▶ _RECORDS PROVIDED_
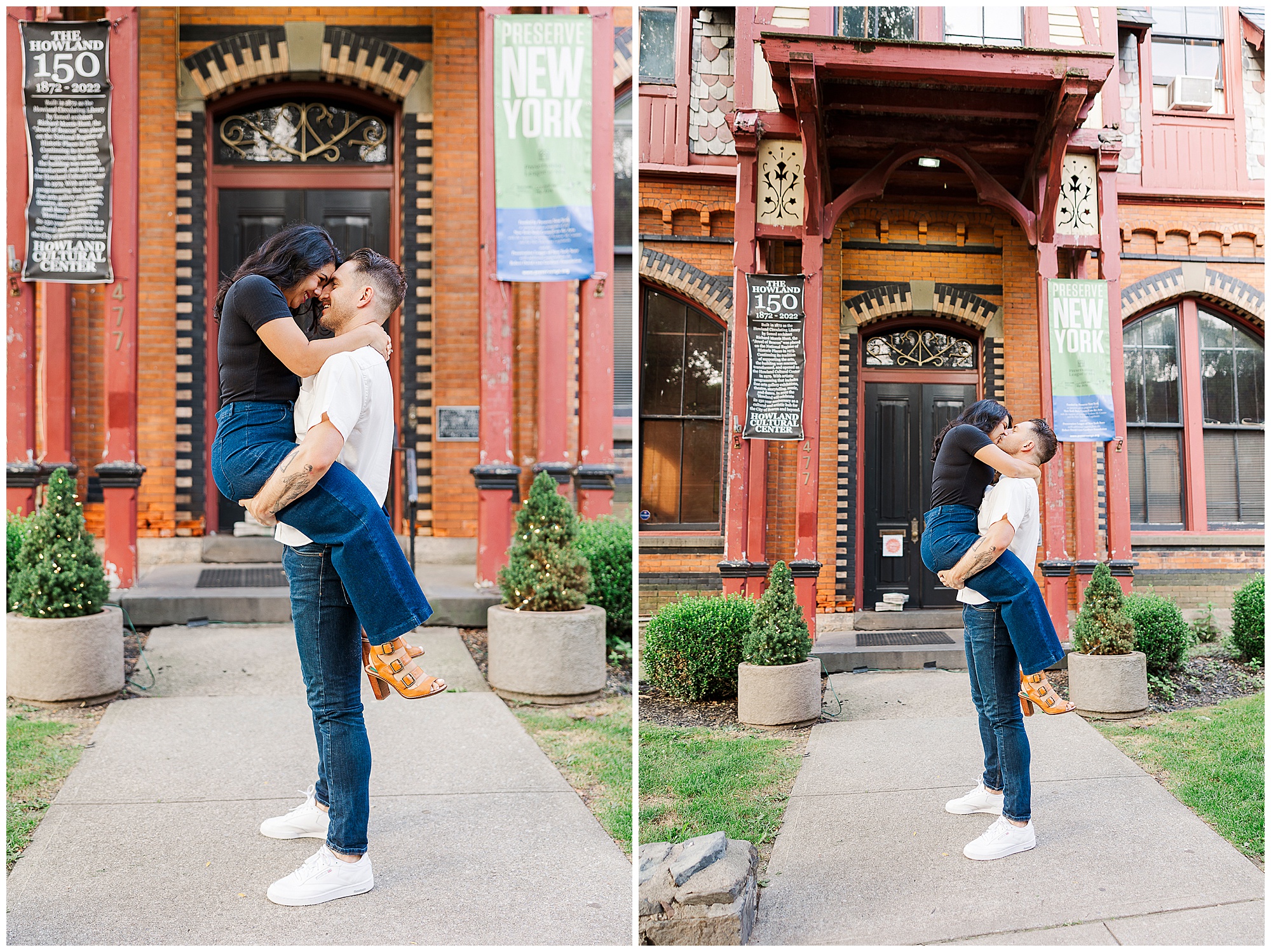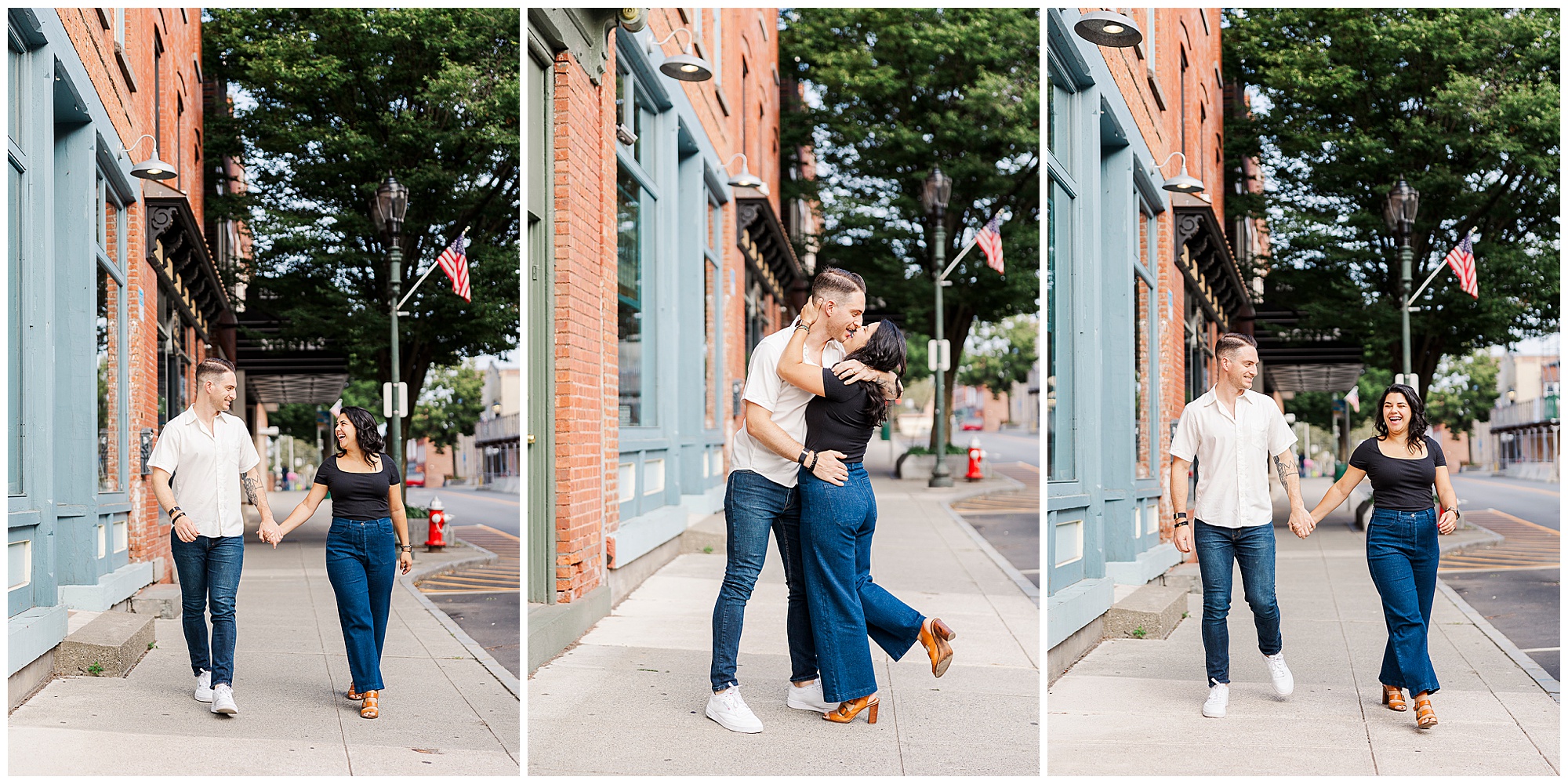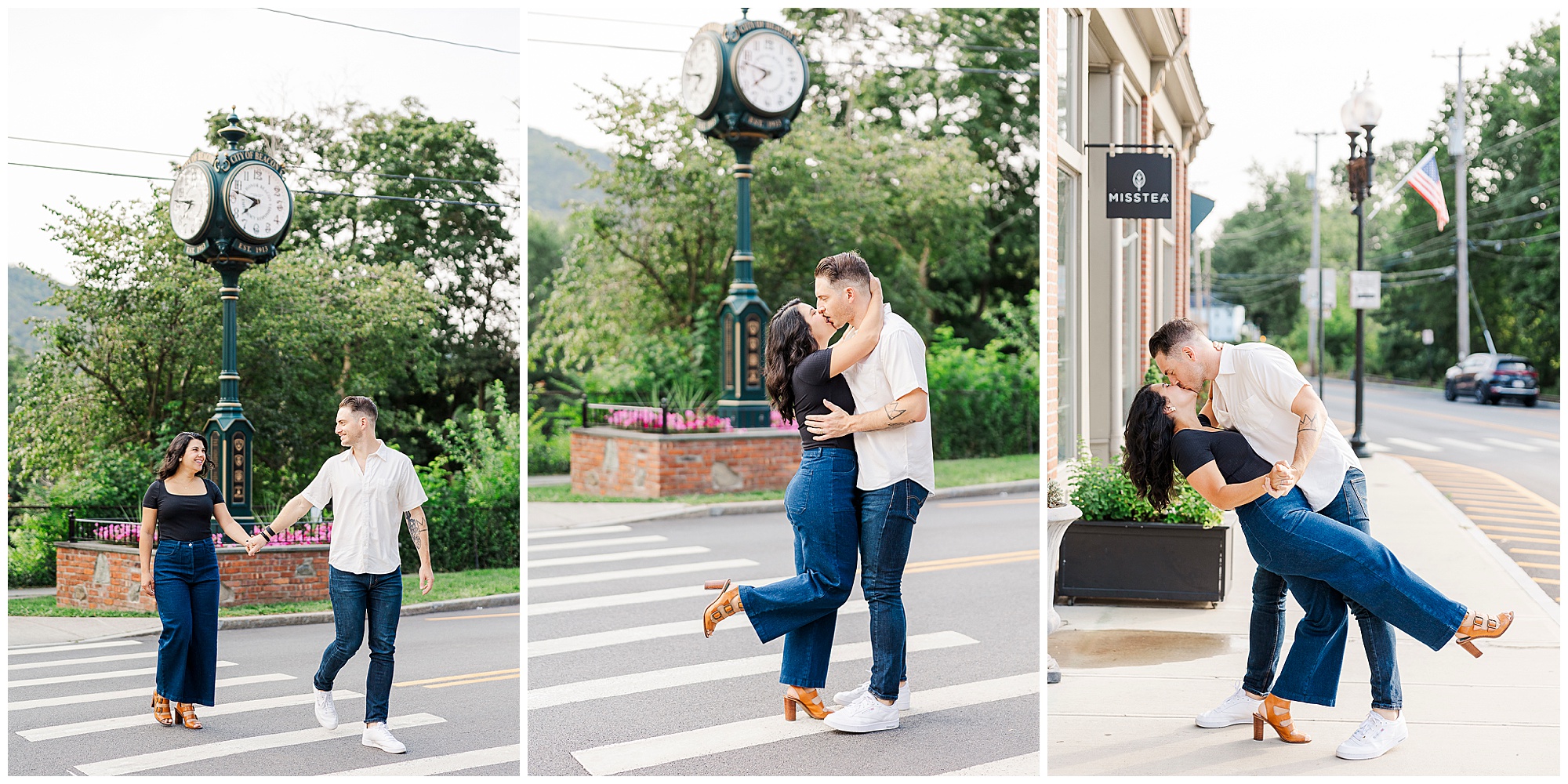Autumn is a super popular time to take Hudson Valley wedding and engagement pictures. The great thing about Main Street is that there are so many great locations for photos at any time of year. There isn’t a ton of foliage in the shots, so they feel even more timeless. This couple’s summer photo shoot could feel like any time of year, which is great for save-the-dates.![]()
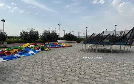 Bakıda külək içində uşaqlar olan attraksionu aşırdı
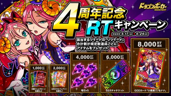 『ドラゴンポーカー』4周年を記念して、「4周年記念RTキャンペーン」を開催いたします。
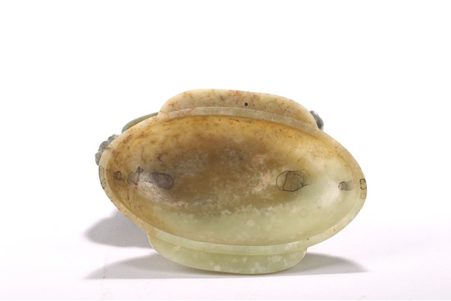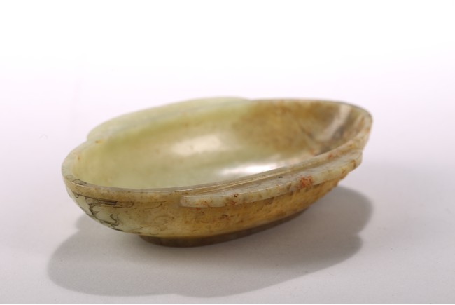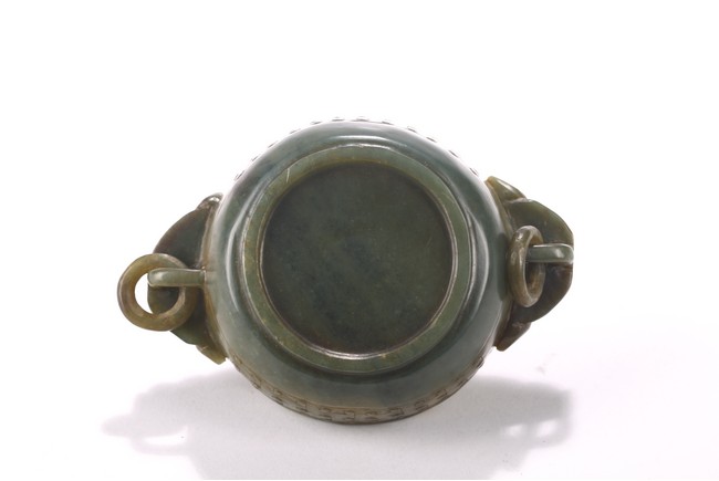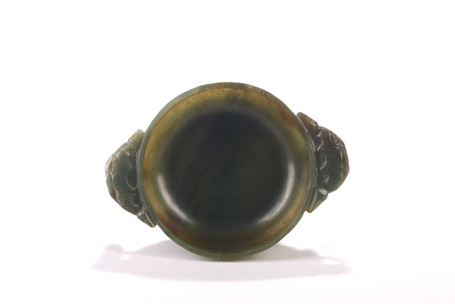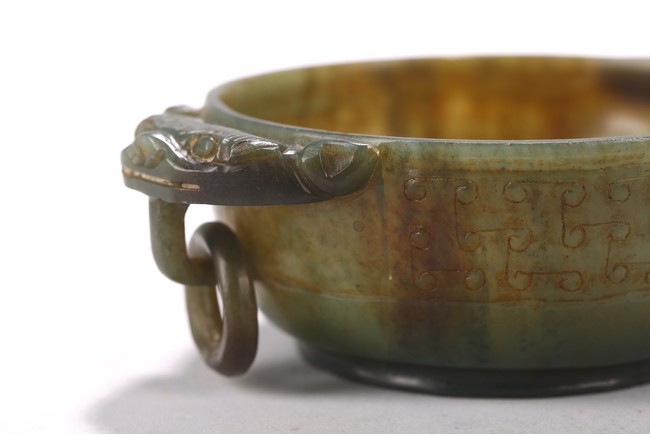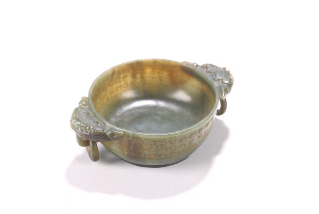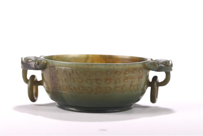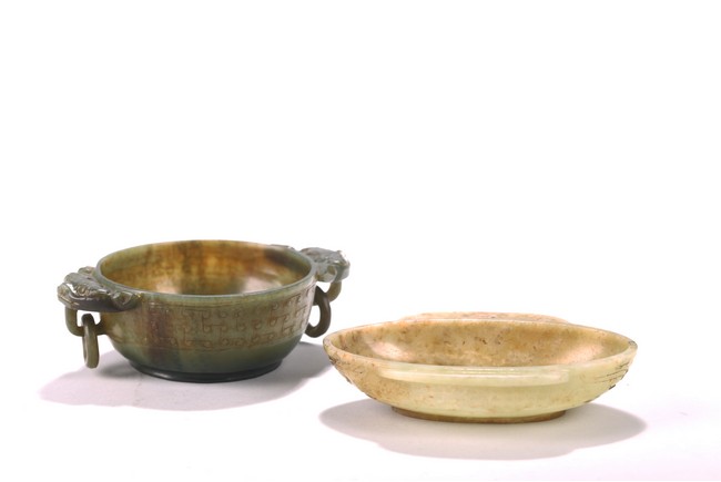Consisted of a green jade washer flanked by pair of handles suspended with loose rings; and a celadon jade archaistic boat-shaped vessel. Qing Dynasty period.
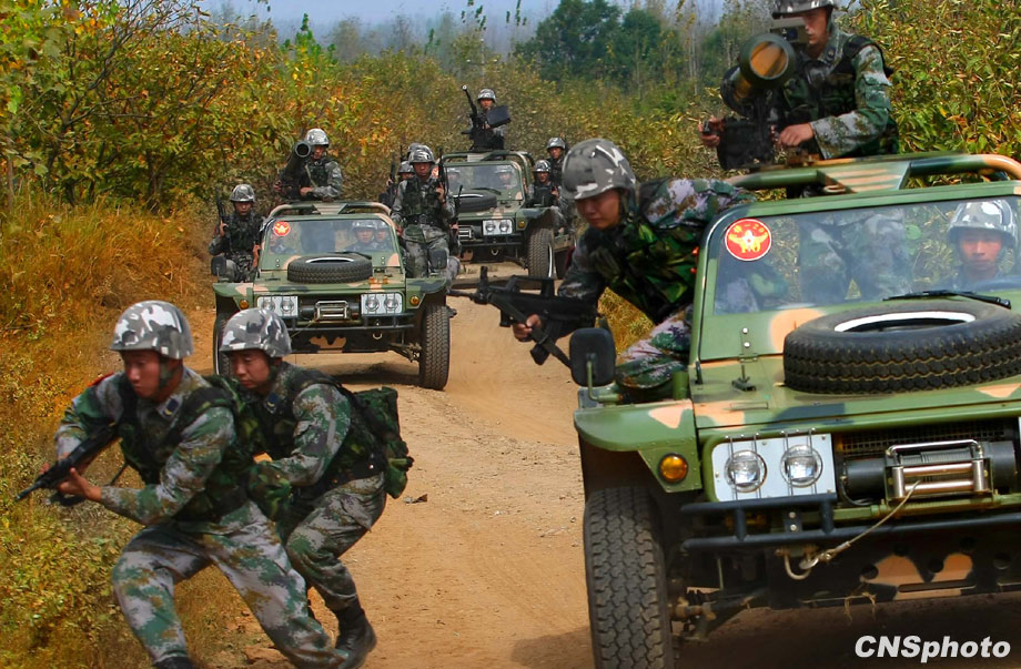 解放軍濟(jì)南軍區(qū)“前鋒-2009A”軍事演習(xí),將于10月21日在某合同戰(zhàn)術(shù)訓(xùn)練基地舉行,圖為即將參加演習(xí)的空降兵部隊(duì)10月20日在進(jìn)行針對(duì)性訓(xùn)練。這次演習(xí)主要是由兵力兵器數(shù)量規(guī)模向信息火力效能聚優(yōu)轉(zhuǎn)變、指揮的重心由主攻方向上的重點(diǎn)突破向作戰(zhàn)關(guān)節(jié)要害的體系毀癱轉(zhuǎn)變、火力的運(yùn)用由概略粗放決策向科學(xué)精細(xì)籌劃轉(zhuǎn)變、協(xié)同的重點(diǎn)由地面步坦行動(dòng)向陸空火力協(xié)調(diào)轉(zhuǎn)變、行動(dòng)的控制由時(shí)間位置推進(jìn)量向效果態(tài)勢(shì)達(dá)成度轉(zhuǎn)變、作戰(zhàn)的目的由殲敵奪地向控要制權(quán)轉(zhuǎn)變。 中新社發(fā) 宋吉河 攝
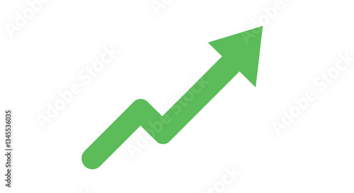 Green upward arrow symbolizing growth in a flat design vector illustration
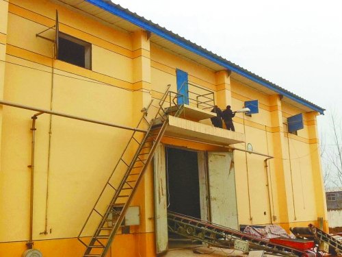 张某就是从粮仓大门上面的观仓门(图中标注处)跌落下去的,观仓门现已落锁关闭
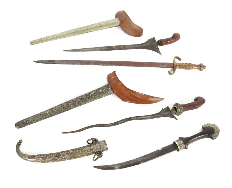 20. Jh., 1x marokkanischer Koumya/Krummdolch mit reich verzierter Metallscheide, 2x indonesische Kris mit gerader und mit geflammter Klinge, Scheiden aus Blech mit floralem Dekor und mit Holzmundstück, 1x Seitengewehr wohl 19. Jh. mit Messinggefäß und s-förmigem Parierstück, L: bis 61 cm. Oxydationsspuren, mit Besch., tlw. lose Teile.
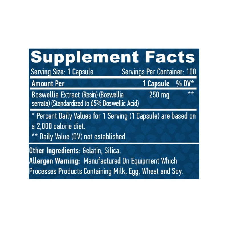 В каждой желатиновой капсуле диетической добавки Boswellia от Haya Labs содержится:
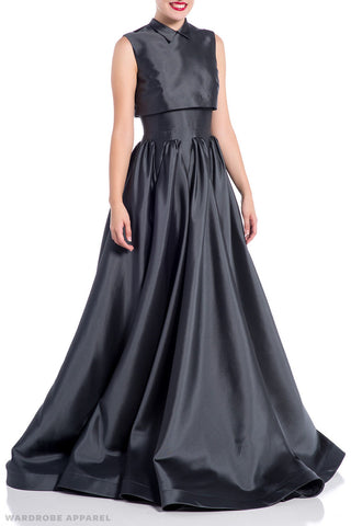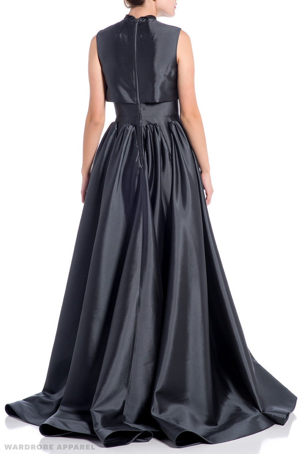 By Greta Constantine The Amory Gown gives the playful appearance of a two-piece set while remixing your concept of a gown. The top overlays the waist to accentuate the waist and the pleats at the waist give the gown volume from the top for an elegant flow.
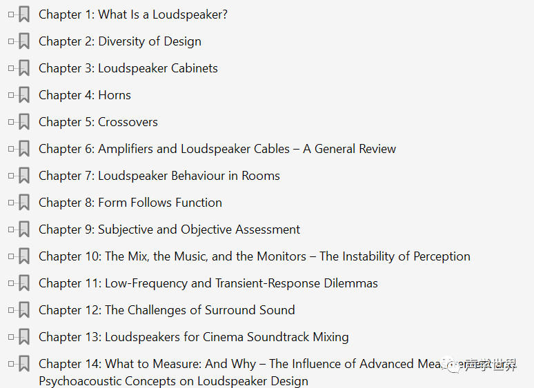 涵盖了从扬声器单元,音箱,分频器到功放,混音,监听,和环绕声等内容。无论是在录音棚,广播工作室,还是在家中使用音响系统,都会有参考价值。
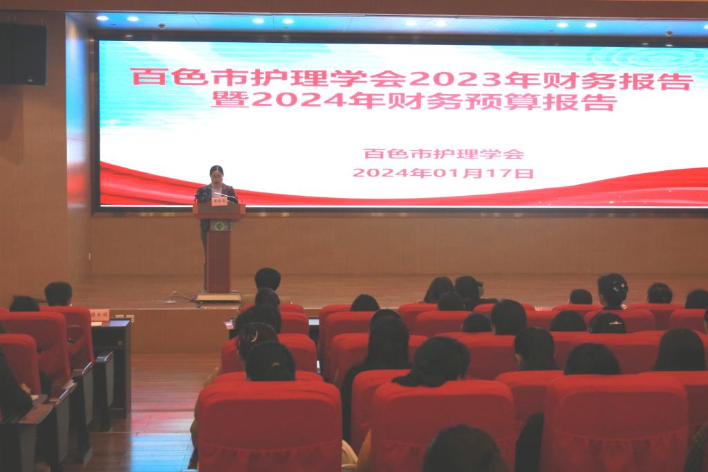 百色市护理学会副理事长、百色市护理质控中心副主任、百色市第二人民医院护理部主任黄妹青主任护师作百色市护理学会2023年财务报告暨2024年财务预算报告,与会理事对报告进行了审议。
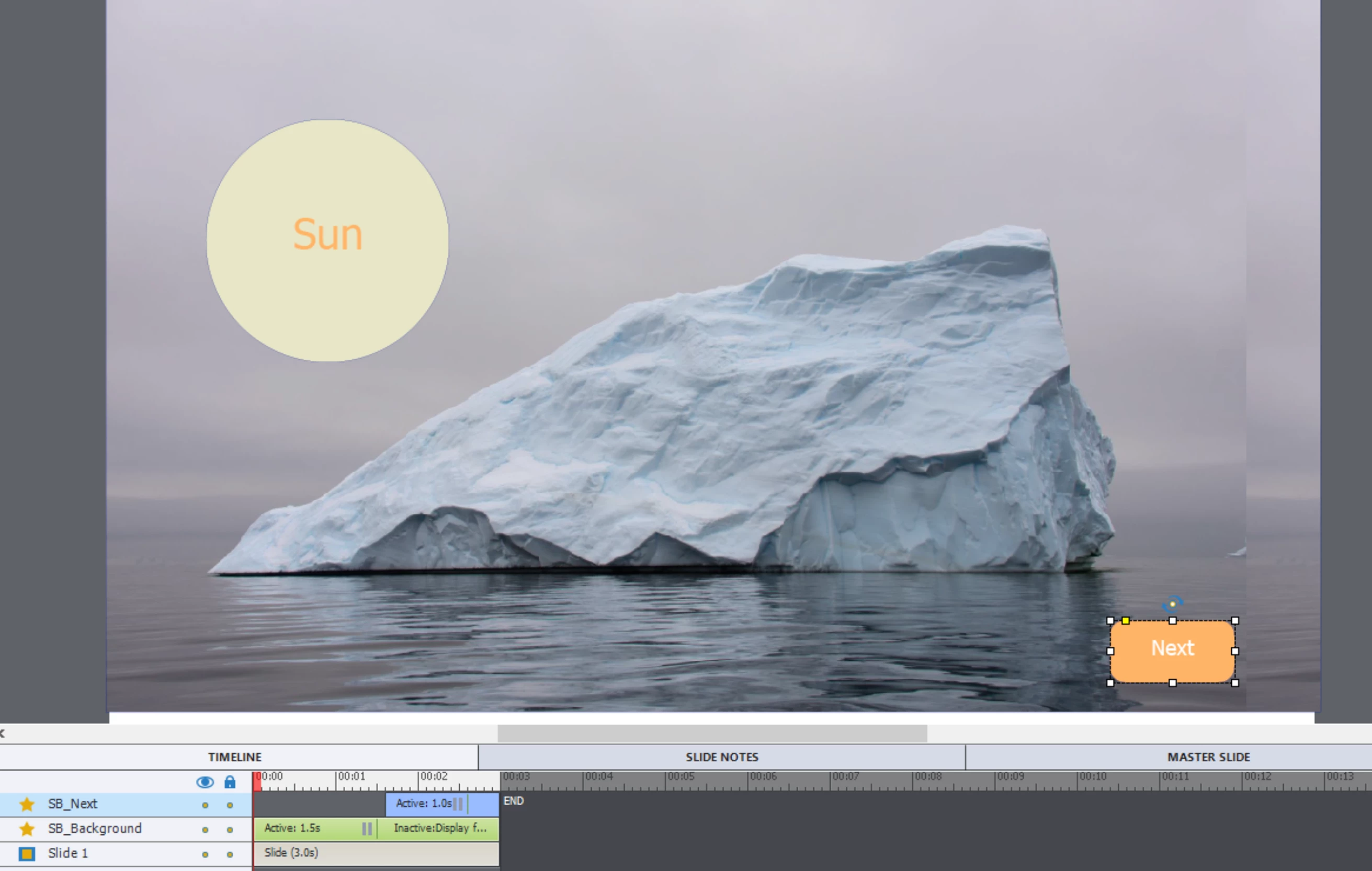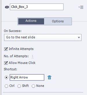 In this project, what I want to do is let the image Moon and text Moon appear first, and after I click on the slide, the image Sun and text Sun will appear. The way I do this is adding 2 click boxes, and their Action on Success are Continue and Go to the nesxt slide. The area of the click boxes tile the whole slide. This is ok. But I always think there probably some efficient ways to achieve this. If there are, could you give me some related links? I can't find them in this community. Thank you so much!

▶ _WHAT YOU SHOULD DO_
Text only, no pictures: please print exactly the lines above from the line with "张某就是从粮仓大门上面的观仓门(图中标注处)跌落下去的,观仓门现已落锁关闭" up to and including the line with "20. Jh., 1x", and nothing else.

▶ _SOLUTION TO THIS EXERCISE_
 张某就是从粮仓大门上面的观仓门(图中标注处)跌落下去的,观仓门现已落锁关闭
 20. Jh., 1x marokkanischer Koumya/Krummdolch mit reich verzierter Metallscheide, 2x indonesische Kris mit gerader und mit geflammter Klinge, Scheiden aus Blech mit floralem Dekor und mit Holzmundstück, 1x Seitengewehr wohl 19. Jh. mit Messinggefäß und s-förmigem Parierstück, L: bis 61 cm. Oxydationsspuren, mit Besch., tlw. lose Teile.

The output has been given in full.